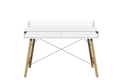 Desk designed with attention to detail, simple in form with a minimalist design. It has two capacious drawers, a tabletop restraint and a cable relocation hole to keep your desk tidy and avoid cable clutter.
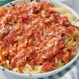 Make-Ahead: Turkey Bolognese is a great recipe for making ahead because it stores really well and it get better while flavors meld as it sits. To make ahead, simply prepare according to steps 1-7 of the recipe directions, below. Once cooled, transfer to an airtight container and store in the refrigerator for up to 5 days. When ready to enjoy, reheat bolognese sauce on the stovetop. Once simmering, finish according to 8-9 of recipe directions below.
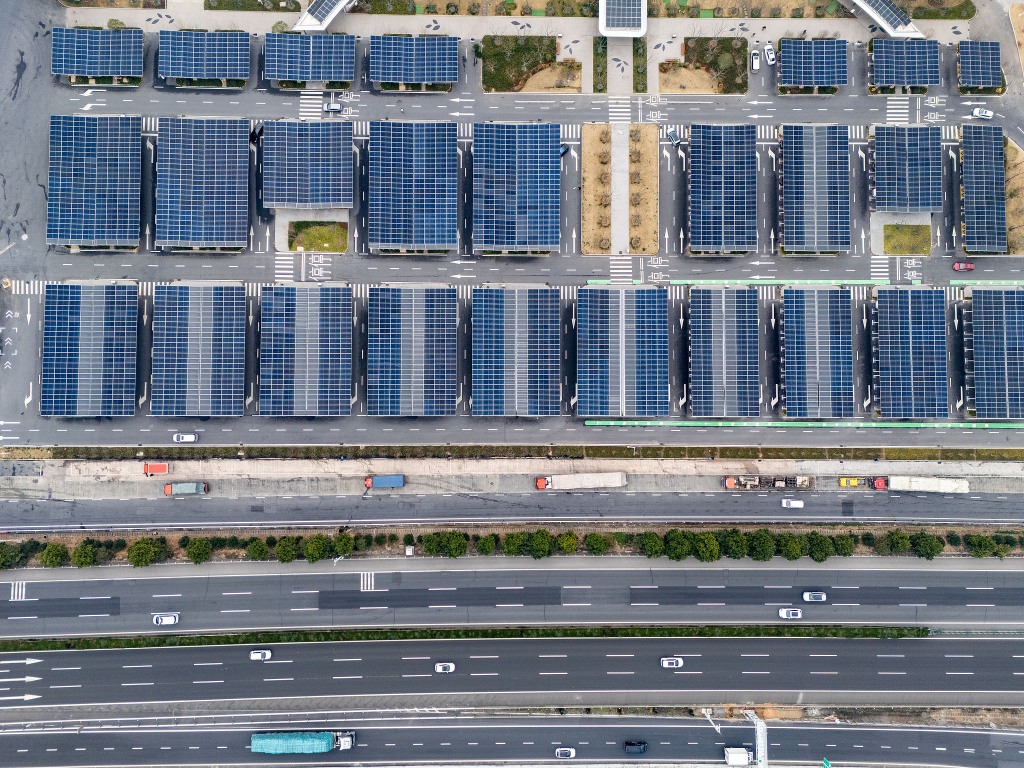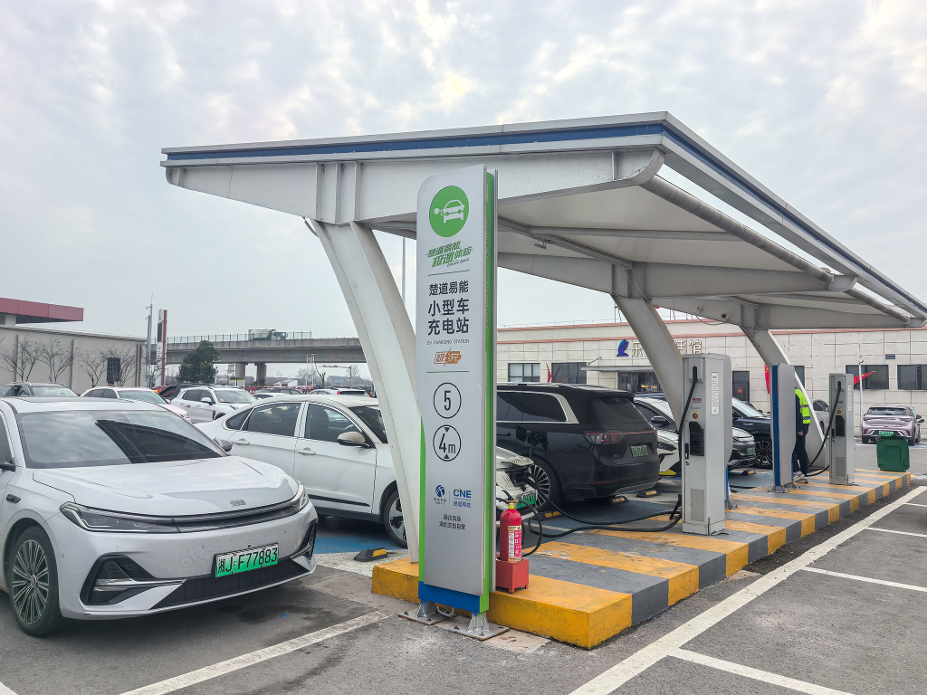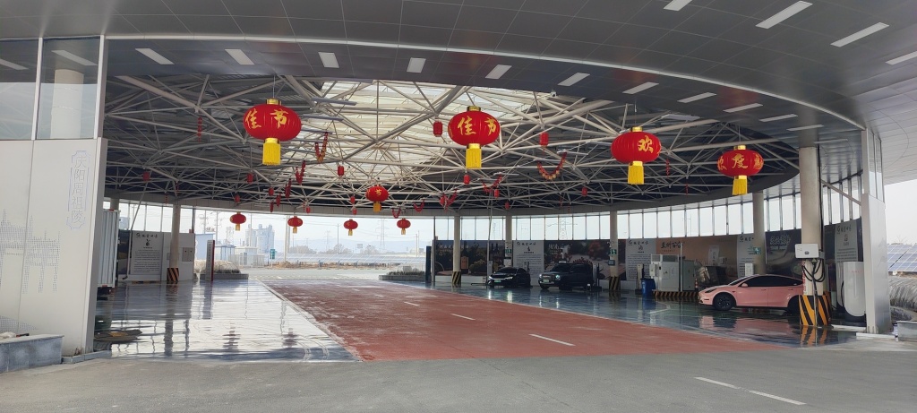 春运路上,在甘肃接驾嘴近零碳服务区,新能源车辆通过“光储充超级充电站”实现20分钟快速补能。新华社记者李杰 摄
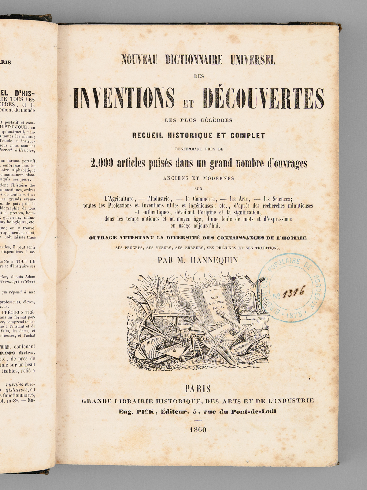 Ouvrage attestant la diversité des connaissances de l'homme, ses progrès, ses moeurs, ses erreurs, ses préjugés et ses traditions, par M. Hannequin, 1 vol. in8 reliure de l'époque demi-percaline verte, initiale en plat, Grande Librairie Historique des Arts et de l'Industrie, Eug. Pick, Paris, 1860, 2 ff., 12-364pp.
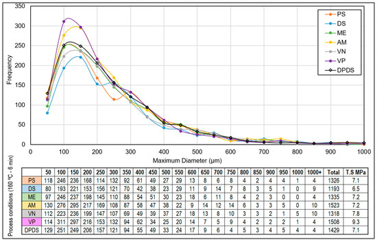 The homogeneity of the DA optimization trials was elaborated in the white rubber analysis. From the statistical analysis of the brownish devulcanizate dispersed in the white rubber matrix, the total number of visible particles and the particle size distribution were analyzed. The series of samples devulcanized at 160 °C for 6 min was selected. The comparative results for devulcanizates using different DAs are shown in Figure 9.
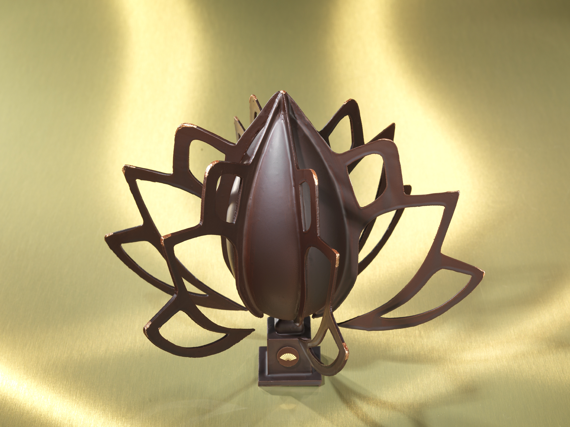 Pour Pâques 2019, Adrien Bozzolo a travaillé sur une sculpture en chocolat prenant la forme d’une fleur de camélia aux lignes épurées. Symbole de longévité, de fidélité et de bonheur dans le langage des fleurs, le camélia habille le jardin intérieur de l’hôtel et donne son nom à l’un des deux restaurants de l’hôtel dirigés par Thierry Marx. Composé d’un chocolat noir Grand Cru 70%, l’œuf de Pâques révèle à l’intérieur de sa coque des mendiants au chocolat noir, amandes, noisettes, graines de courge et raisins secs et des palets fondants au chocolat au lait Jivara 40%.
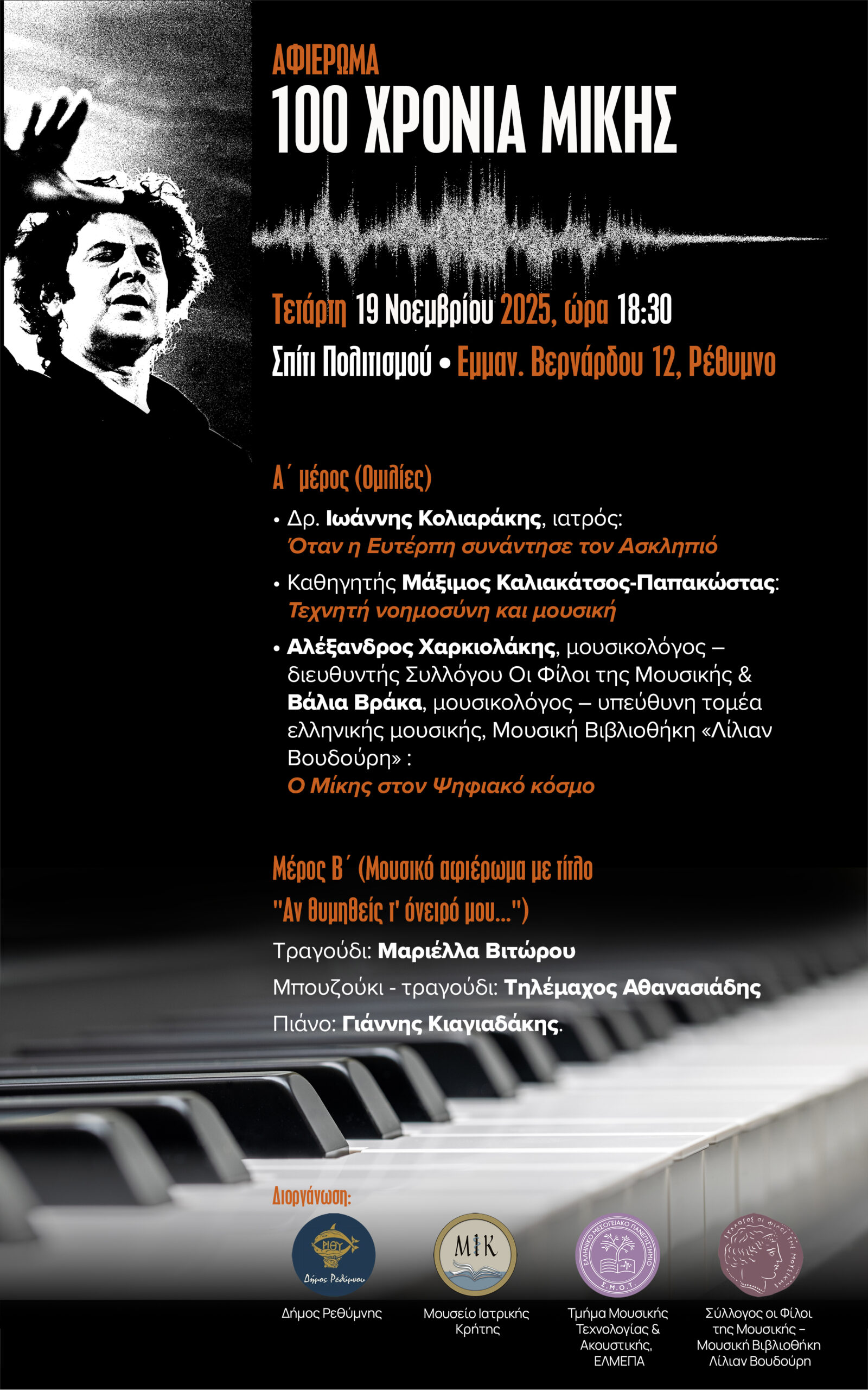 Διεπιστημονική εκδήλωση στο πλαίσιο εορτασμού των 100 χρόνων από τη γέννηση του Μίκη Θεοδωράκη, συνδιοργανώνουν το Μουσείο Ιατρικής Κρήτης της Ιατρικής Σχολής του Πανεπιστημίου Κρήτης με θερμούς υποστηρικτές το Τμήμα Παιδείας και το Τμήμα Πολιτισμού του Δήμου Ρεθύμνης, το Τμήμα Μουσικής Τεχνολογίας και Ακουστικής της Σχολής Μουσικής και Οπτικοακουστικών Τεχνολογιών του ΕΛΜΕΠΑ και το Σύλλογο «Οι Φίλοι της Μουσικής».

——

# INSTRUCTIONS FOR THE TASK
Exactly the lines from the top of the listing through the line with "Ouvrage attestant la", and no pictures, should be printed.

# RESPONSE AREA
 Desk designed with attention to detail, simple in form with a minimalist design. It has two capacious drawers, a tabletop restraint and a cable relocation hole to keep your desk tidy and avoid cable clutter.
 Make-Ahead: Turkey Bolognese is a great recipe for making ahead because it stores really well and it get better while flavors meld as it sits. To make ahead, simply prepare according to steps 1-7 of the recipe directions, below. Once cooled, transfer to an airtight container and store in the refrigerator for up to 5 days. When ready to enjoy, reheat bolognese sauce on the stovetop. Once simmering, finish according to 8-9 of recipe directions below.
 春运路上,在甘肃接驾嘴近零碳服务区,新能源车辆通过“光储充超级充电站”实现20分钟快速补能。新华社记者李杰 摄
 Ouvrage attestant la diversité des connaissances de l'homme, ses progrès, ses moeurs, ses erreurs, ses préjugés et ses traditions, par M. Hannequin, 1 vol. in8 reliure de l'époque demi-percaline verte, initiale en plat, Grande Librairie Historique des Arts et de l'Industrie, Eug. Pick, Paris, 1860, 2 ff., 12-364pp.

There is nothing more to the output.